軽量なろうリーダー

作品タイトル不明

616 "からあげ"?

「私のからあげ〜」

私のウルッシュバードが、一目散に逃げて行く。

まだ"食用"と決まった訳ではないのに、莉奈のレーダーは食べられると判断していた。せっかく食材を見つけたのだから、一羽くらい欲しい。そう思い追いかけ様とした莉奈の足先に、何かが触れた。

見ればウルッシュバードである。

走り去るウルッシュバードばかりに気に取られていたが、周りには先程まで旅人達と戦って敗れたウルッシュバードが、点々と転がっているではないか。

遠くの方に見えているものを、今から追いかけても、倒せる数などたかが知れている。

……ならば?

「あの、すみません」

「え? あ、なんだ?」

何が起きたのか、まだ理解出来ていなかった旅人達は、身体をビクリと震わせる。

逃走して行くウルッシュバードに、怒っていた莉奈が突然こちらに振り向いたので、反射的に悲鳴を上げるところだった。

彼女(リナ) は普通に可愛い子だけど……やっている事が普通じゃない。莉奈の可愛さが、逆に怖さに拍車を掛けていた。
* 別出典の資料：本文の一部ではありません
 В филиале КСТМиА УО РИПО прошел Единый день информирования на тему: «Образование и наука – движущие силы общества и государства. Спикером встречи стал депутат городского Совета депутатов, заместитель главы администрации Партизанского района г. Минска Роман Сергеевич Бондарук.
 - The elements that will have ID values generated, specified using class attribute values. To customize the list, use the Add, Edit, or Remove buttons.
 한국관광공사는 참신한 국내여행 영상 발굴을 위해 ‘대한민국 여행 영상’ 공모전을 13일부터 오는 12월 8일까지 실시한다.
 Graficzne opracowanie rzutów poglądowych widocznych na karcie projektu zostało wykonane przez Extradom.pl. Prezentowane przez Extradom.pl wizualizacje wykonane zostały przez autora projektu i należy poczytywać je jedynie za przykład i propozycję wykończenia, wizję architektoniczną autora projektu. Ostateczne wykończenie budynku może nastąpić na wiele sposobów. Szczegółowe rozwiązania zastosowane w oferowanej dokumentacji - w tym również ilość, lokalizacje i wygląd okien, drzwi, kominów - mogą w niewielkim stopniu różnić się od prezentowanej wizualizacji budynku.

だが、不審がられている事など露知らず。莉奈は至ってマイペースだ。

「このからあげ、少し分けて頂きたいんですけど」

「「は? "からあげ"?」」

「あ、違う。鶏肉」

「「"鶏肉"!?」」

確かに、ウルッシュバードは鳥であるから鶏肉であるが、その死骸を見て鶏肉と言う莉奈に、旅人達は目を丸くさせていた。
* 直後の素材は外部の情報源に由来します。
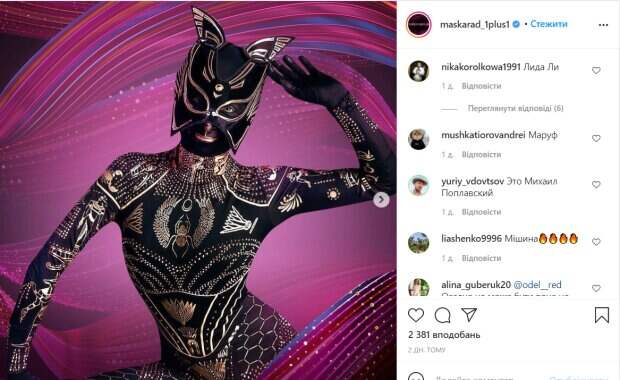 Напомним, что в описаниях к постам организаторы "Маскарада" всегда дают определенные подсказки, кто же может прятаться под тем или иным костюмом. Так, на этот раз новой героиней шоу стала обольстительная Кошка. "В моей жизни было много соревнований и конкурсов, но на этот раз я покажу свою грацию, пластичность и настоящую с***ности. Моей главной мечтой было иметь много детей. Я долго искала настоящую любовь, и даже несколько раз была замужем. В конце концов мне повезло: я нашла того самого мистера-кота. Сейчас я очень счастливая жена и мама нескольких деток", - рассказывает о себе Кошка. На телеэкранах Кошка появится в черном обтягивающем костюме, усыпанном тысячей золотых страз и с элементами египетской символики. Голову сказочной особы украшают игривые ушки с золотым декором. Поклонники шоу сразу увидели догадываться, кто же может прятаться в образе кошки. "Мишина
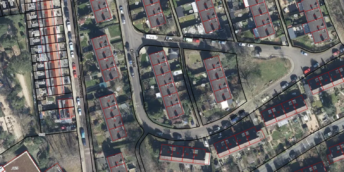 Het perceel waarop Olmstraat 5 staat heeft een oppervlakte van 1210 m². Dit is een zeer groot perceel. De perceeloppervlakte wordt geregistreerd door het Kadaster. Gedetailleerde informatie over de maten van dit perceel kunt u vinden in het rapport Kadastrale kaart met maatvoering van Olmstraat 5.
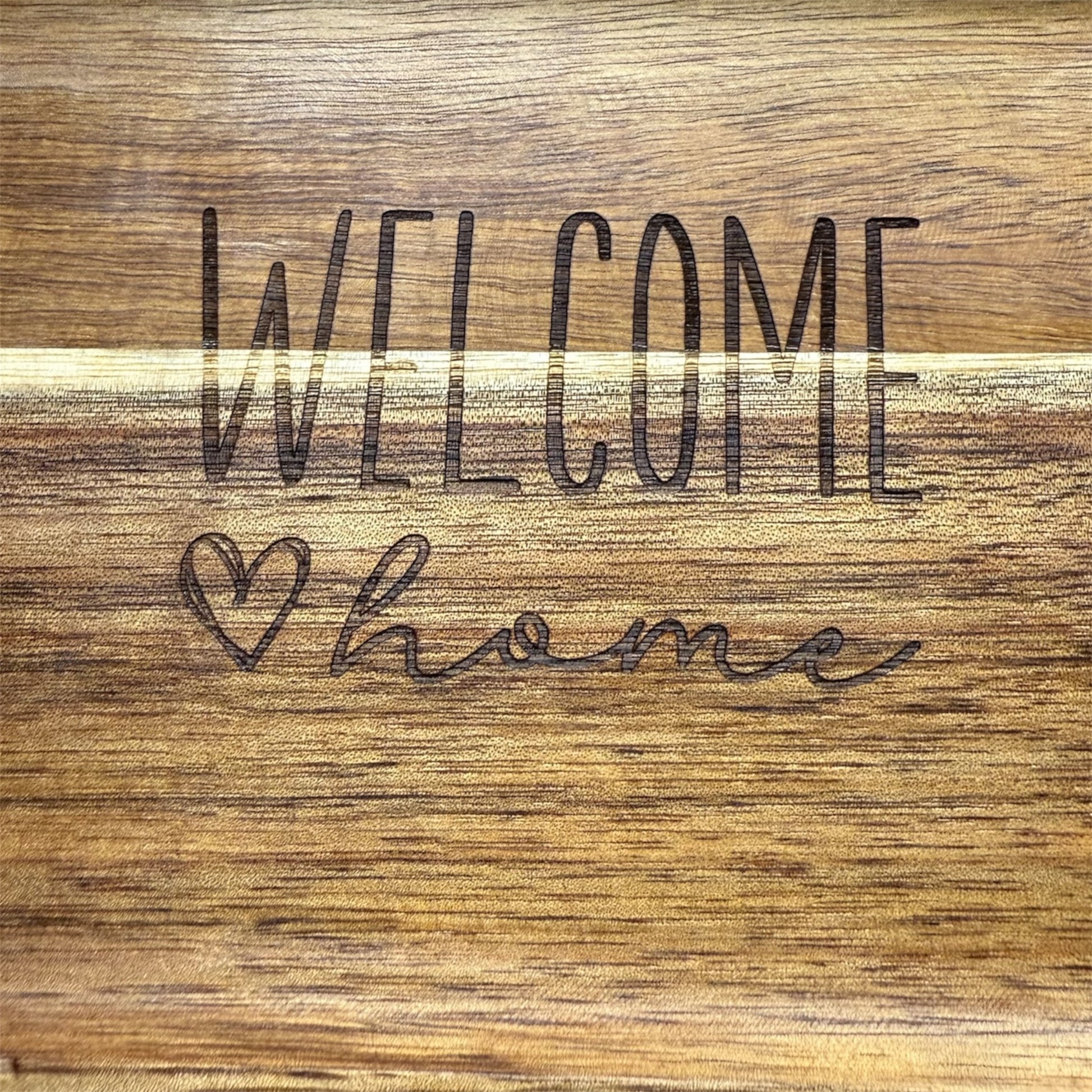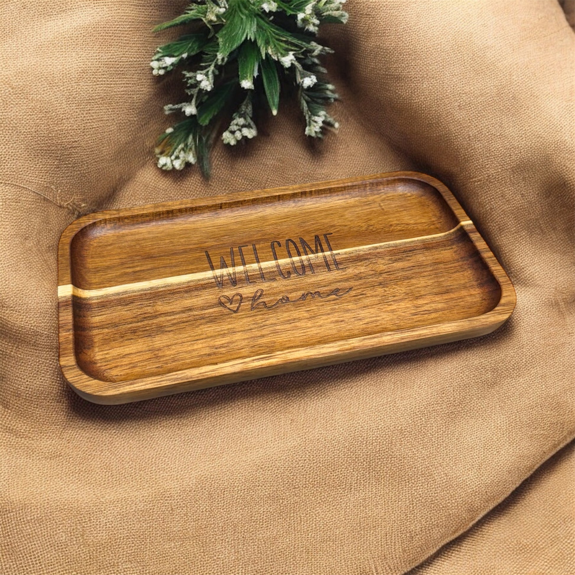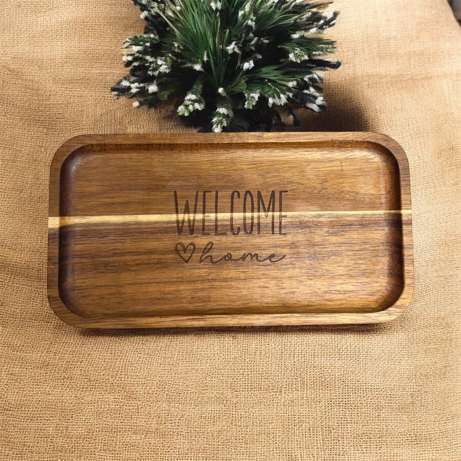 Crafted from rich acacia wood, this 10.25” x 5.5” tray is perfect for holding keys, jewelry, or everyday essentials. The laser-engraved “Welcome ♥ home” design adds a warm touch to any entryway, countertop, or bedside table.
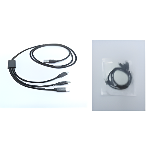 Cable multipuerto largo con conectores Android, tipo C e iPhone.
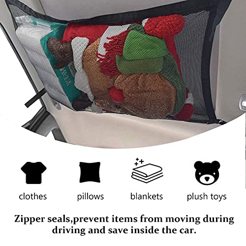Borsa a Doppia Rete Resistente: La borsa a rete per la custodia dell'auto è realizzata in materiale a rete di poliestere di alta qualità, resistente, non facile da strappare. Il supporto per rete in rete elastica può riporre facilmente vestiti, cuscini, coperte e altri oggetti di grandi dimensioni, risparmiare spazio, facile da trasportare, apertura con cerniera, proteggere gli oggetti da fuoriuscite, evitare che gli oggetti scivolino durante la guida.
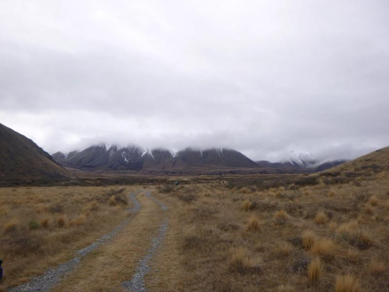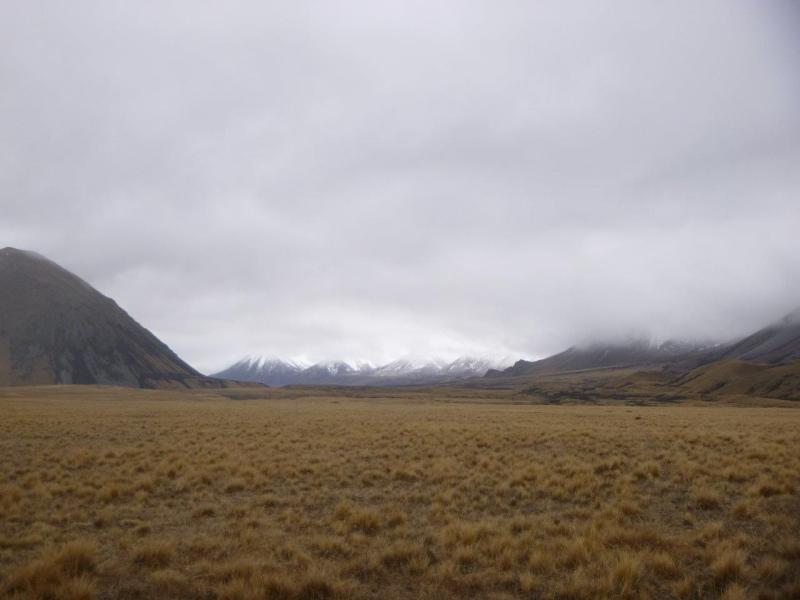 Snow and rain fell that night, so it was a cold start to Sunday. But with the promise of the weather clearing, we headed to the wide tussock lands of Lake Heron, parking at the Lake Heron carpark, hoping to walk to Double Hut by lunchtime. But the weather closed in, and we all turned back to the cars, heading straight into a sleet storm. Every item of warm and waterproof clothing was hurriedly pulled from our packs.

だが、仕方がない。今の莉奈は、からあげの事で頭がいっぱいだった。なので、ウルッシュバードを見て出てきた言葉は、"からあげ"や"鶏肉"だった。

「えっと、鳥の肉?」

可愛らしく首をコテンと傾け、莉奈が口にした言葉は、一周回って同じ言葉であった。

この鳥の魔物には、"ウルッシュバード"という立派な名前があるのだが、莉奈は食う事しか頭になく、まったく名前が出てこない。

「「……」」

旅人達は顔を見合わせていた。

ウルッシュバードをからあげや鶏肉と言う人に、出会った事はない。

なんなら、これからも会う事はないだろう。

「コイツにはウルッシュバードって名前があるんだから、ちゃんと呼んでやれよ」

可哀想に……と追い掛けて来たエギエディルス皇子が、莉奈の背後で呆れていた。

いつの間にか側にいたエギエディルス皇子に一瞬驚いたが、彼は莉奈よりも遥かに魔法を使える。莉奈が豪神ナックルダスターで超瞬足になるみたいに、魔法を使って追って来たのだろう。

「すみません、ウルッシュバードを少し頂いてもよろしいですか?」

「無視かよ」

エギエディルス皇子の言葉をスルーして、莉奈は旅人達に改めて訊いた。

今はエギエディルス皇子より、ウルッシュバードである。

「え?」

「コレが欲しいのか?」

自分達をも倒しに来た様な莉奈が、地面に転がっているウルッシュバードを欲しがっている。

旅人達は、本気で欲しがる莉奈に訝しげだ。

「ダメですか?」

と悲しそうな声を上げる莉奈に、旅人達は顔を見合わせていた。

突如現れた莉奈に、そんな事を言われても、頭が処理しきれないのだ。

「いや、まぁ……別にイイけど」

「好きなだけ持っていってくれ」

欲しくて倒した訳じゃない。襲って来たから、仕方なく相手をしたまでだ。

なので、持って帰る気などサラサラなかった。

莉奈は、好きなだけと言われ瞳を輝かせると、両手を天高く挙げた。

「やったーーっ!! ありがとうございます!!」

逃げられガッカリした分、喜びもひとしおである。

莉奈は歓喜の声を上げて、早速ウルッシュバードの回収を始めたのであった。